# What is expected
The line containing "가진 레코드(행)를 선택하자." marks the end; write out exactly every line from the start of the data up to and including it, without the pictures.

Listed records: Begin

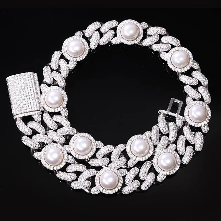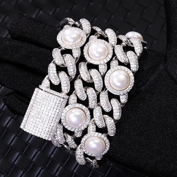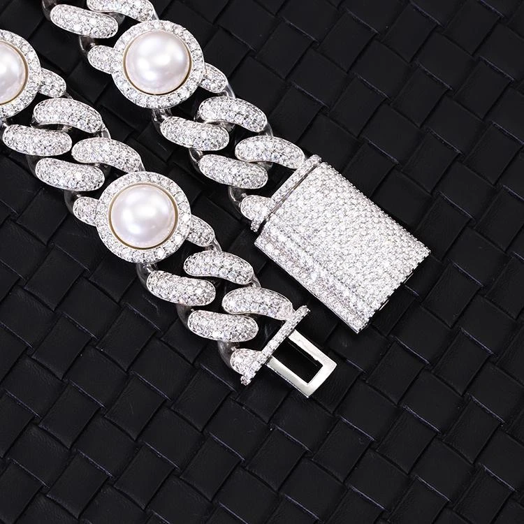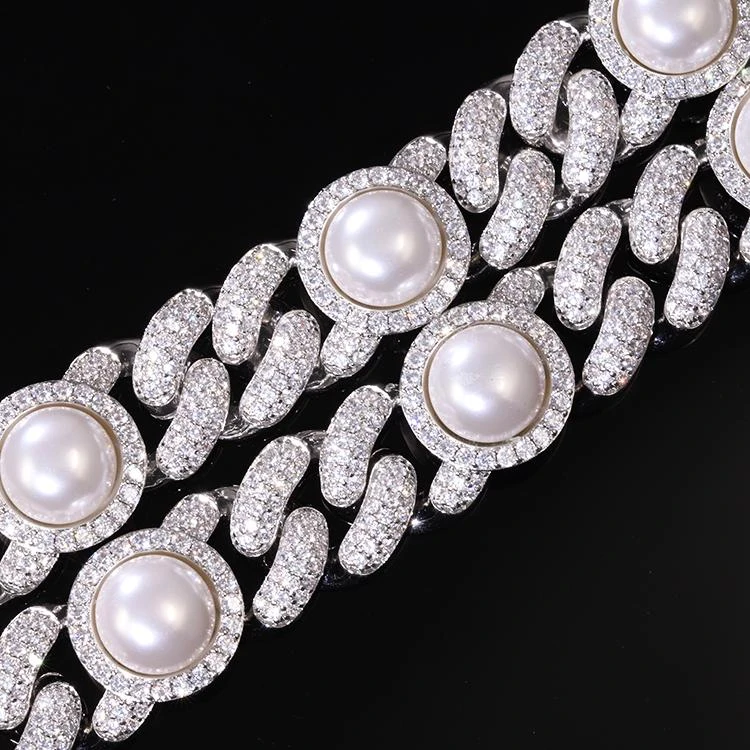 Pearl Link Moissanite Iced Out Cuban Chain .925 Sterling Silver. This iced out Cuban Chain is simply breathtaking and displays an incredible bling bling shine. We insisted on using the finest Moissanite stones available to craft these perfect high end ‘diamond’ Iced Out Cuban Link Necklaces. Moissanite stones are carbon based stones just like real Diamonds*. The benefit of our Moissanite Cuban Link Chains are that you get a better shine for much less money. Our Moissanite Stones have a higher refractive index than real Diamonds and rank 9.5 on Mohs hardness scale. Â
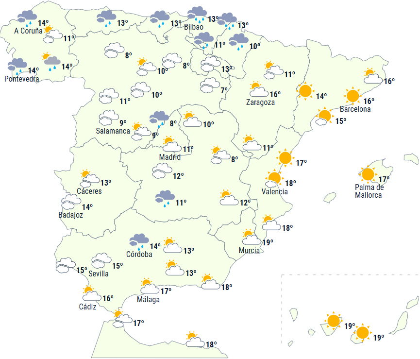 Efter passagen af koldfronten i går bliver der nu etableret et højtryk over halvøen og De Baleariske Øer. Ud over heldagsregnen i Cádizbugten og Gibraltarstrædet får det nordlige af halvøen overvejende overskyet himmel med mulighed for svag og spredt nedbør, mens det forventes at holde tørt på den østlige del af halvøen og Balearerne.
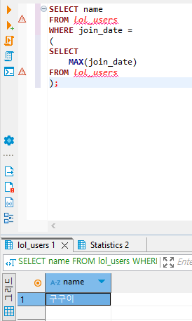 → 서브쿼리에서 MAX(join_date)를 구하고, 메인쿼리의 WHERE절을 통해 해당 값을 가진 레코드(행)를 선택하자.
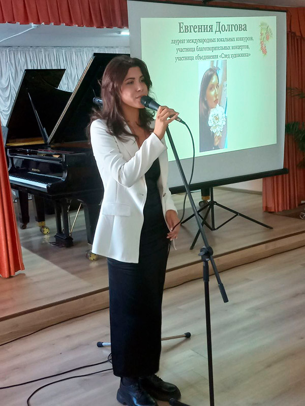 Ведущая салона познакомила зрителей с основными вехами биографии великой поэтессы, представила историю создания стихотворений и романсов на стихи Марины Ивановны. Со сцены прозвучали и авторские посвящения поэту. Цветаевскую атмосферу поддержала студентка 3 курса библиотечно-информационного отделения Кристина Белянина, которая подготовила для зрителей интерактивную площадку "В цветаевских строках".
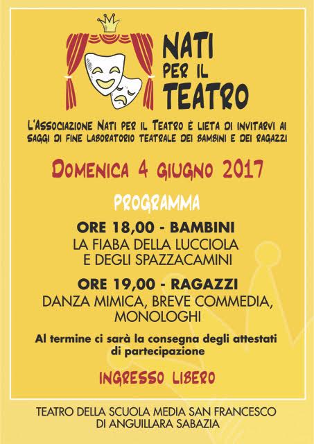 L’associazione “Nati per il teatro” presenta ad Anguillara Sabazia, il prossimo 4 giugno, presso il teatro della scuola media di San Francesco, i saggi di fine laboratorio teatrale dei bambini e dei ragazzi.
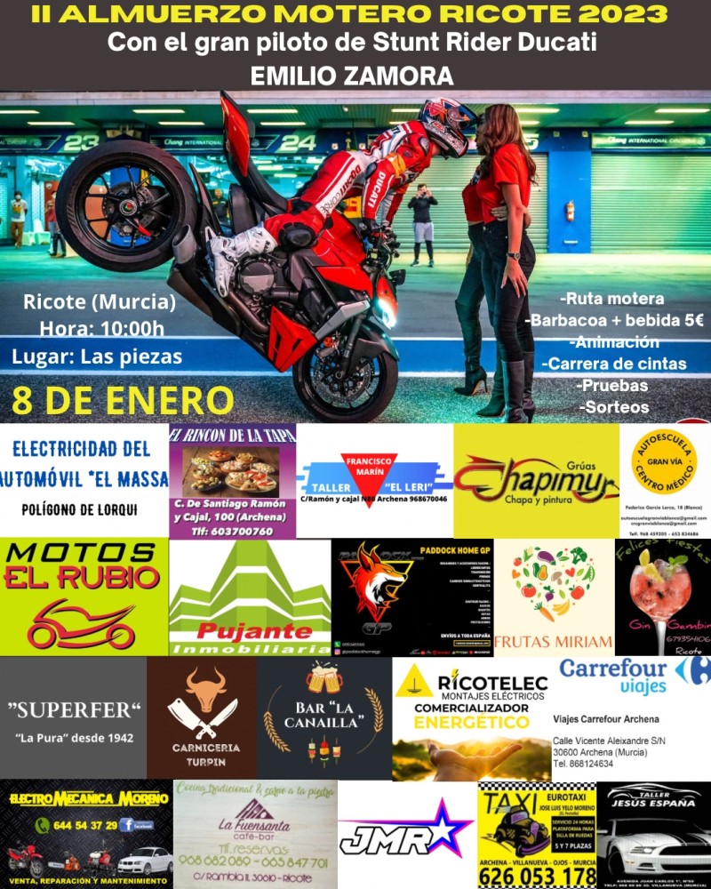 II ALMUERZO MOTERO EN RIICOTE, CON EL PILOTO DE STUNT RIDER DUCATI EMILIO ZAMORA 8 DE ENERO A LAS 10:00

Listed records: End

# Written solution
 Pearl Link Moissanite Iced Out Cuban Chain .925 Sterling Silver. This iced out Cuban Chain is simply breathtaking and displays an incredible bling bling shine. We insisted on using the finest Moissanite stones available to craft these perfect high end ‘diamond’ Iced Out Cuban Link Necklaces. Moissanite stones are carbon based stones just like real Diamonds*. The benefit of our Moissanite Cuban Link Chains are that you get a better shine for much less money. Our Moissanite Stones have a higher refractive index than real Diamonds and rank 9.5 on Mohs hardness scale. Â
 Efter passagen af koldfronten i går bliver der nu etableret et højtryk over halvøen og De Baleariske Øer. Ud over heldagsregnen i Cádizbugten og Gibraltarstrædet får det nordlige af halvøen overvejende overskyet himmel med mulighed for svag og spredt nedbør, mens det forventes at holde tørt på den østlige del af halvøen og Balearerne.
 → 서브쿼리에서 MAX(join_date)를 구하고, 메인쿼리의 WHERE절을 통해 해당 값을 가진 레코드(행)를 선택하자.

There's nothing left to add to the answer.